All modified and coverable lines are covered by tests ✅

Project coverage is 72.30%. Comparing base (9b7bb97) to head (0702f89).

Additional details and impacted files

@@              Coverage Diff              @@
##           branch-25.02     #601   +/-   ##
=============================================
  Coverage         72.30%   72.30%           
=============================================
  Files                14       14           
  Lines                65       65           
=============================================
  Hits                 47       47           
  Misses               18       18

☔ View full report in Codecov by Sentry.
📢 Have feedback on the report? Share it here.
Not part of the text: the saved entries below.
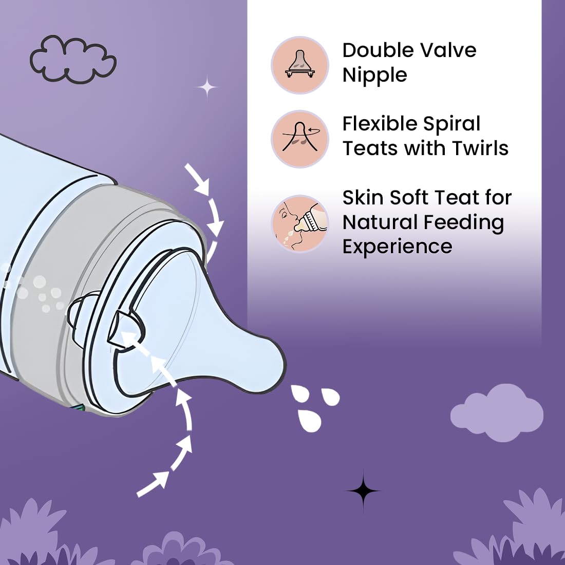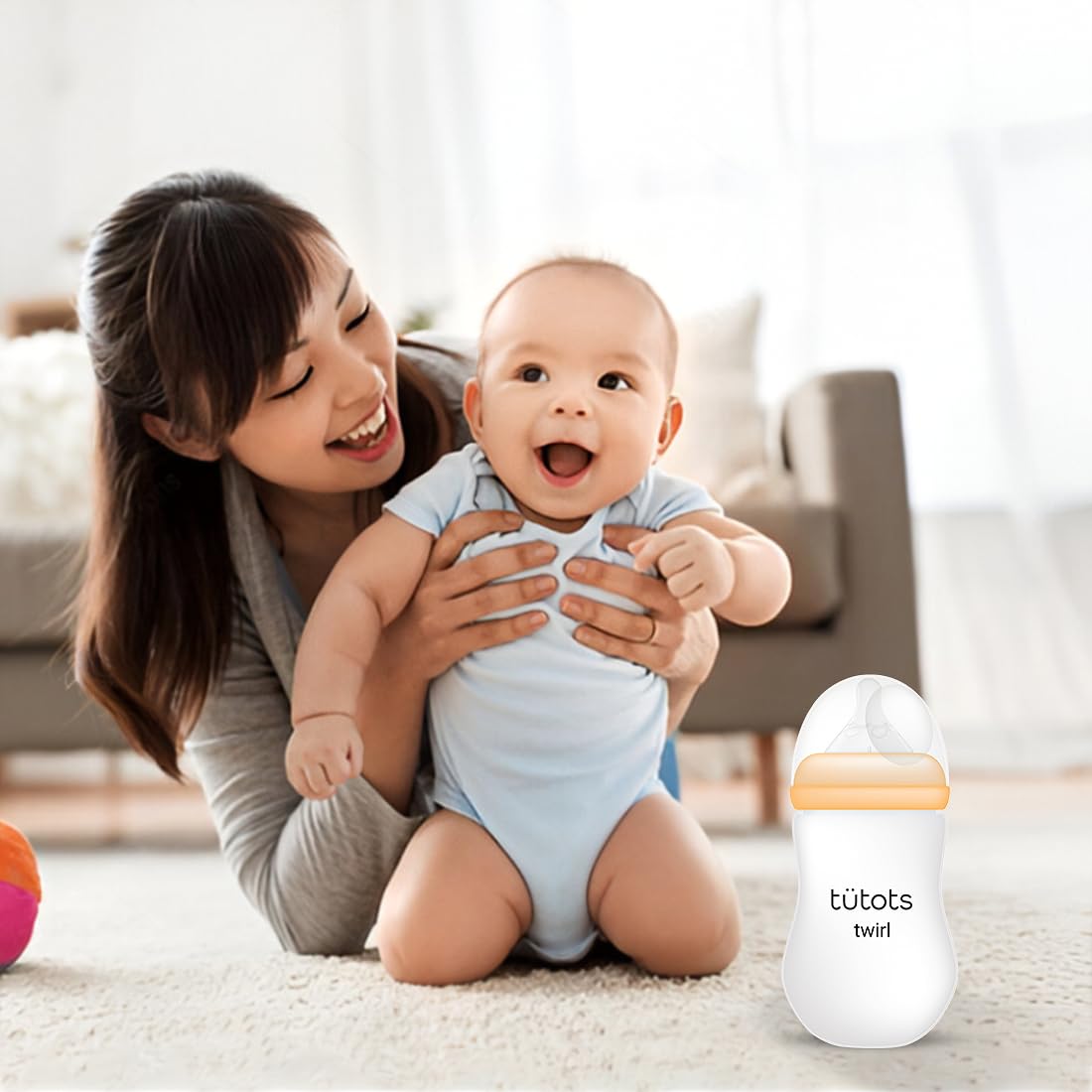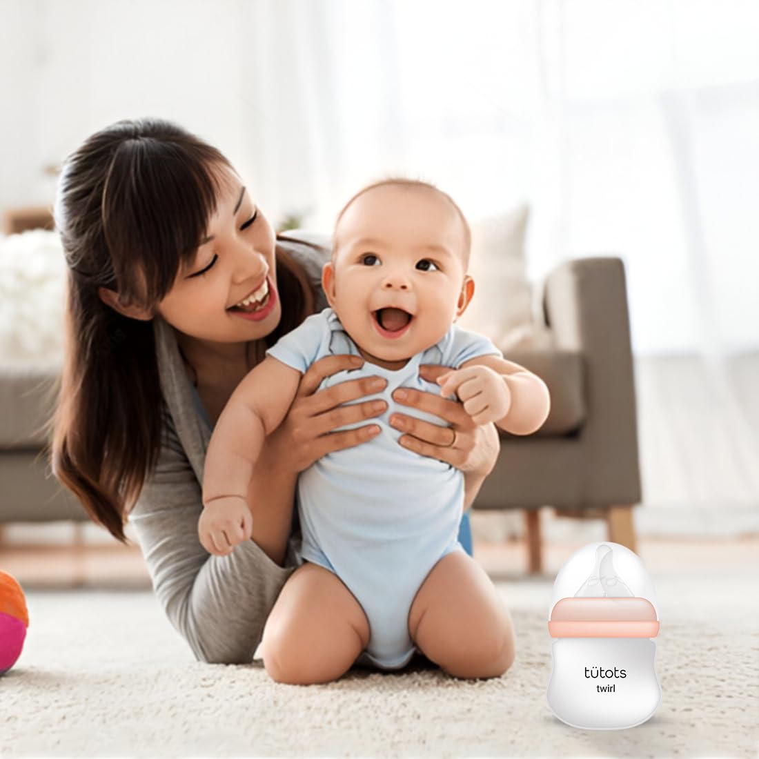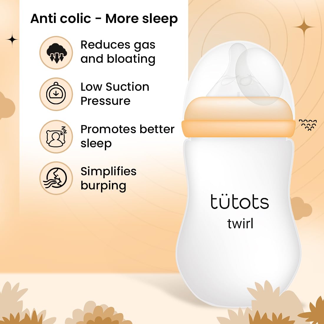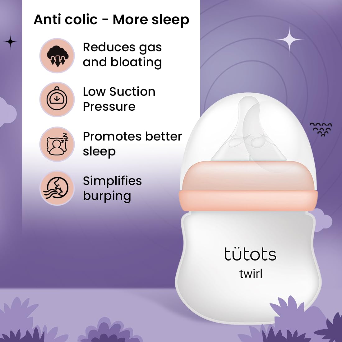 tütots Baby Feeding Bottle – 125ml Twirl Series, Anti-Colic Wide Neck, BPA-Free with Turbo Vent Nipple
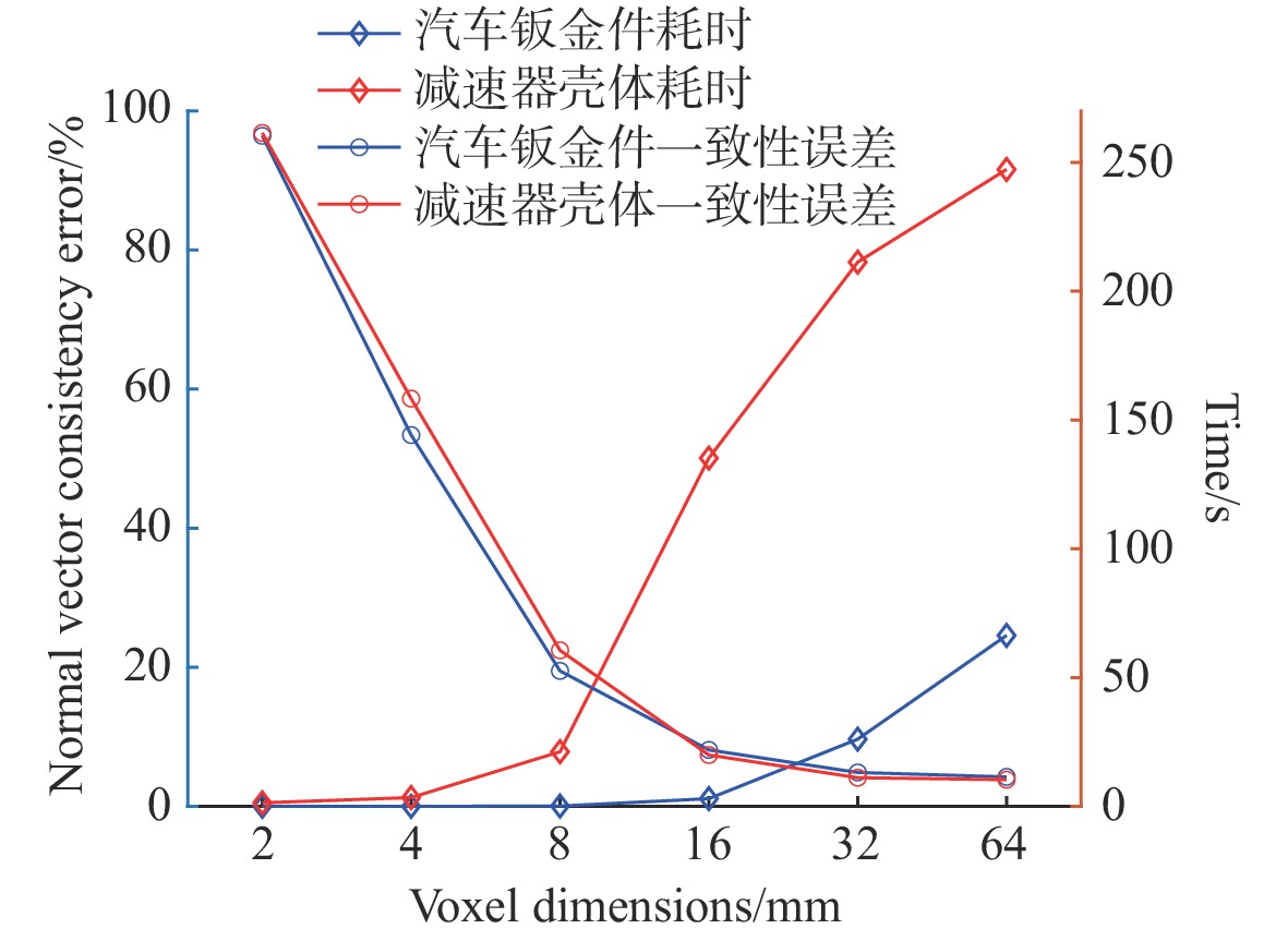 为了实现复杂曲面零件高效自动化测量,本文提出了一种基于改进栅格法的面结构光扫描视点规划方法,并将其应用在汽车复杂曲面零件自动化测量中。首先,针对人工示教视点冗余严重,扫描完整性差的问题,提出了一种基于改进栅格法的面结构光扫描视点规划算法,根据面结构光扫描仪的有效测量范围,确定栅格尺寸,改进候选视点生成策略,并通过扫描仪的测量约束条件得到候选视点的有效测量范围,利用视点质量评价函数确定最优视点。其次,针对视点规划过程中算法耗时长,特征重建精度低的问题,采用体素网格法简化模型,通过八叉树算法分割复杂曲面模型,根据法向量一致性误差确定体素网格尺寸,并且对于几何特征不同的模型,分析权重系数对扫描质量的影响,给出最佳权重系数。最后,进行了汽车钣金件和减速器壳体扫描视点规划和测量实验。结果表明,汽车钣金件视点规划耗时21.93 s,扫描完整性为99.124%,扫描精度为0.025 mm;汽车减速器壳体视点规划耗时158.29 s,扫描完整性为93.231%,扫描精度为0.032 mm。本方法能快速完成复杂曲面视点规划,并且采用规划视点扫描的模型完整性好,精度高,能够满足复杂曲面零件自动测量的要求。
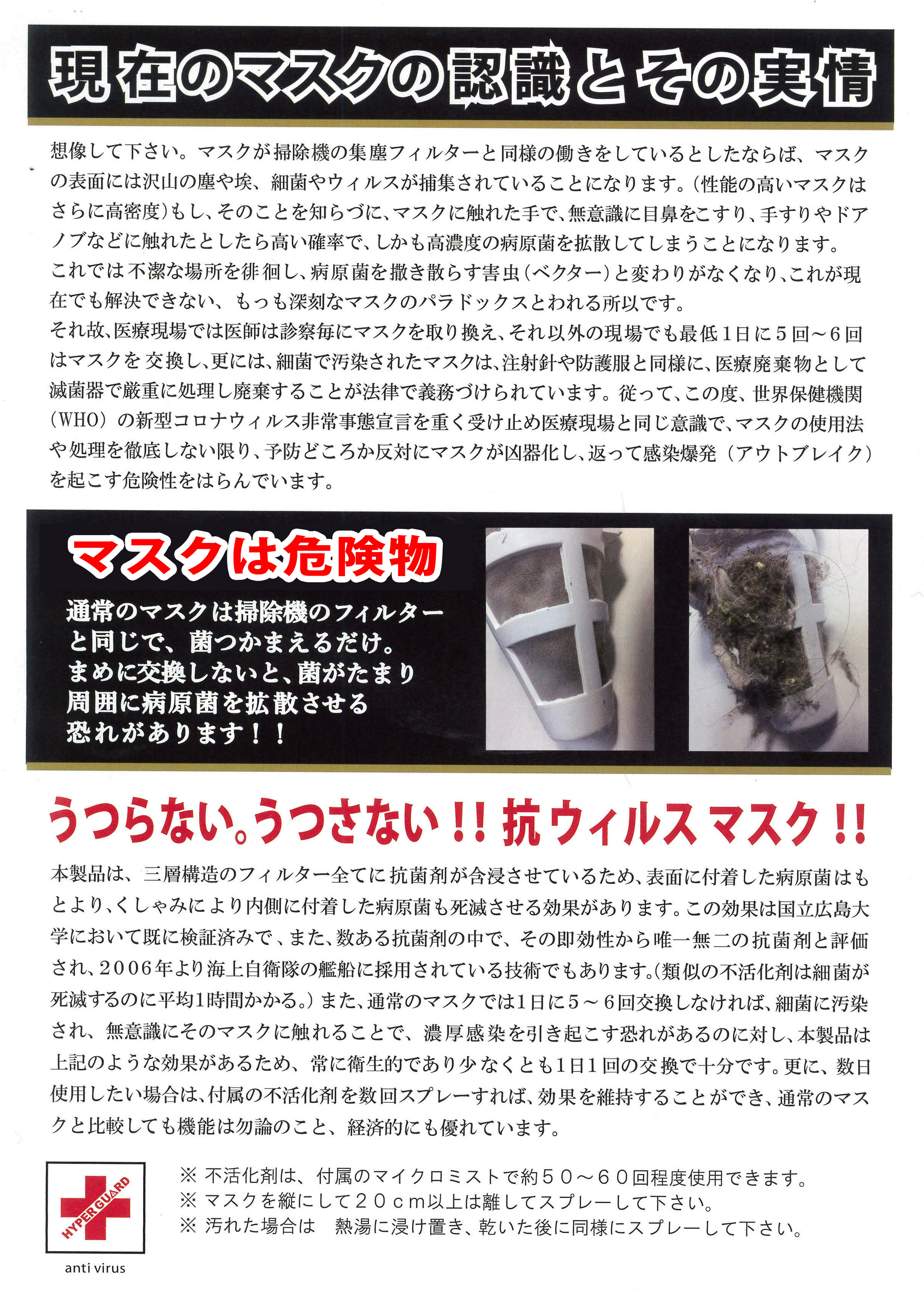 不活化マスクに、このハイパーガードマスターを1日に数回スプレーする事で3日間は使用できます。
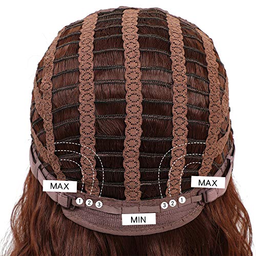 Due cinturini di regolazione possono essere intrecciati in una posizione fissa e possono essere regolati in base a diverse dimensioni della testa.Parrucche economiche e di buona qualità.Cuffia parrucca è morbido e traspirante per evitare di stimolare il cuoio capelluto.

jameslamb · 2025-01-22T16:42:48Z

good news: the wheel tests that had been failing because of the cuBLAS issues are passing!

bad news: 1 wheel test

=========================== short test summary info ============================
FAILED python/cuvs/cuvs/test/test_distance.py::test_distance[float16-F-True-euclidean-50-100] - assert False
 +  where False = <function allclose at 0xfffee65add70>(array([[0.        , 2.94198351, 2.11872091, ..., 2.73895706, 2.80186958,\n        2.62724569],\n       [2.94198351, 0.  ...272 ],\n       [2.62724569, 2.84470779, 2.48090272, ..., 2.65241563, 2.7694272 ,\n        0.        ]], shape=(100, 100)), array([[0.       , 2.939494 , 2.1176343, ..., 2.738613 , 2.8034577,\n        2.625    ],\n       [2.939494 , 0.       , ...     [2.625    , 2.8449516, 2.4811792, ..., 2.6516504, 2.769815 ,\n        0.       ]], shape=(100, 100), dtype=float32), atol=0.1, rtol=0.1)
 +    where <function allclose at 0xfffee65add70> = np.allclose
====== 1 failed, 1917 passed, 116 skipped, 2 xfailed in 105.19s (0:01:45) ======

(build link)

That looks like a numerical-precision thing (which can sometimes show up as a flaky test), but I observed it on consecutive runs.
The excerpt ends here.